Manifesto Signatory

Glasgow Caledonian University

updated on 22 Sep 2023
4 minutes
Glasgow Caledonian University- Science engagement, Children with model of eye

Why we've signed the Manifesto

"We aim to contribute to society in a manner that embraces yet goes beyond the traditional role of a university. Glasgow Caledonian University’s For the Common Good commitment is brought to life and delivered by students and staff across academic schools and departments. Being a signatory to the ‘Engaged University’ Manifesto is a natural extension of our mission."

GCU Principal and Vice-Chancellor, Professor Pamela Gillies CBE, FRSE

Our approach to public engagement

Glasgow Caledonian University has a long and rich heritage of Community and Public Engagement (CPE) which is embedded in our core activity across our three campuses in Glasgow, London, and New York at a local and global level. This longstanding commitment to working in partnership with people in their communities decisively strengthens research impact and quality for knowledge exchange. CPE enriches the student experience and fulfills the University’s Common Good mission in many different ways.

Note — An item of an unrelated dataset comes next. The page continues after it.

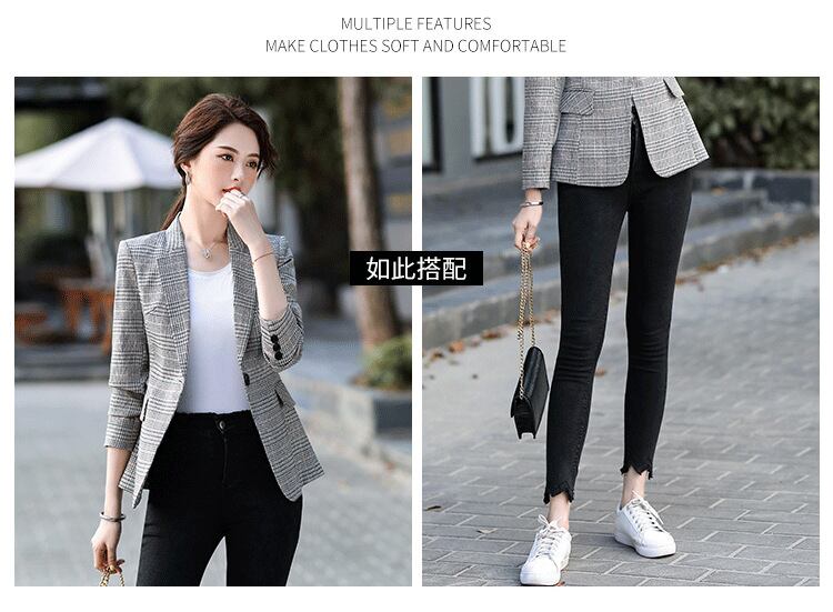 【新作】【送料無料】 リアルの無地チェック柄ルーズラージサイズスモールスーツジャケットレディースバージョン2020春秋新作スーツジャケット-アリババ 大きめサイズ スプリング 春物 オータム 秋物 ソリッドカラー 12b270095451610

GCU formalised our commitment to Community and Public Engagement (CPE) in 2012 by signing the National Coordinating Centre for Public Engagement’s Engaged University manifesto and with the strategic development of Community and Public Engagement. The overall aim of GCU’s strategic approach to Community and Public Engagement is: To create the evidenced-based conditions for meaningful and sustainable engagement for The Common Good.

This aim is operationalised through the following five impact goals:

  1. Engaged Culture – supportive infrastructure at GCU
  2. Community Engaged Learning – CPE within the Common Good Curriculum
  3. Engaged Research –co-created and meaningful outputs
  4. Sustainable Engagement - reciprocal and equitable partnerships 
  5. Visible Engagement – connections and communication

Our public engagement hallmark

Engaging globally, locally and virtually for The Common Good

GCU’s CPE activity for Glasgow Science Festival and GCU’s Research Week in June 2018 included 15 events and 54 activities, in 7 venues and involved 137 GCU staff, 138 GCU students, 71 community/research partner volunteers and engagements with 1310 members of the public. Launched by First Minister, Nicola Sturgeon in her capacity as MSP Glasgow South, GCU’s inaugural Community Science Day aimed to inspire young people about the difference they could make to the world of STEM in the future. It brought research to community and facilitated links for future collaborations.

The organisation and delivery of this event summed up our approach to engagement as it was in partnership with a number of public, private and third sector organisations and was delivered by staff and students from across the university who were supported centrally. Contributing to such activities for our students is part of the Common Good Curriculum. This centres on providing opportunities to all of our students, within and outside the curriculum, to develop the GCU Common Good Attributes, to equip them with the confidence and capacity to make a positive difference to the communities they will serve and address societal challenges outlined in the UN Sustainable Development Goals.

Our public engagement talking point

During consultation with external organisations in 2016 as part of a refresh of the CPE strategy, the issue of power imbalance came up as a challenge to engagement. This connects to the need for reciprocity as many were frequently left feeling exploited by relationships with universities. They stated ‘dominant discourses’ and ‘personalities’ affect community engagement. Examples included research agendas and the political problematic of ‘not listening to evidence’. Structural issues and the relationship to the state were identified such as the ‘cultural rhetoric of top vs ground’. 

It was felt this impacted upon the community who remain ‘intimidated and skeptical’ regarding what universities do and how research is used. Many organisations reported that they felt that the HEI got much more out of the partnership than they did. The regularity of this occurrence made them much less likely to engage in future

One solution we have found to this imbalance and have a true partnership of equals is to share the funding between university and community and we have had to adapt our funding structures to make this happen. However we would be interested in other ways universities or organisations have overcome this barrier to true partnership working.

Our public engagement people

A woman that makes things happen.

Susan Grant, Community and Public Engagement Coordinator, @GCUEngagement 

Since 2003 Susan has used her expertise to build reciprocal and sustainable partnerships with community organisations in Glasgow. She is well known, respected and most importantly trusted by the communities she engages with on behalf of GCU. She also supports staff and students across the University as they develop their skills and expertise as community engaged learners, lecturers and researchers. The cultural engagement and common good opportunities and shared benefits which arise from these partnerships has inspired and sustained her longstanding engagement. She believes that ‘bringing in’ community to influence the work going on at GCU is for the benefit of all involved.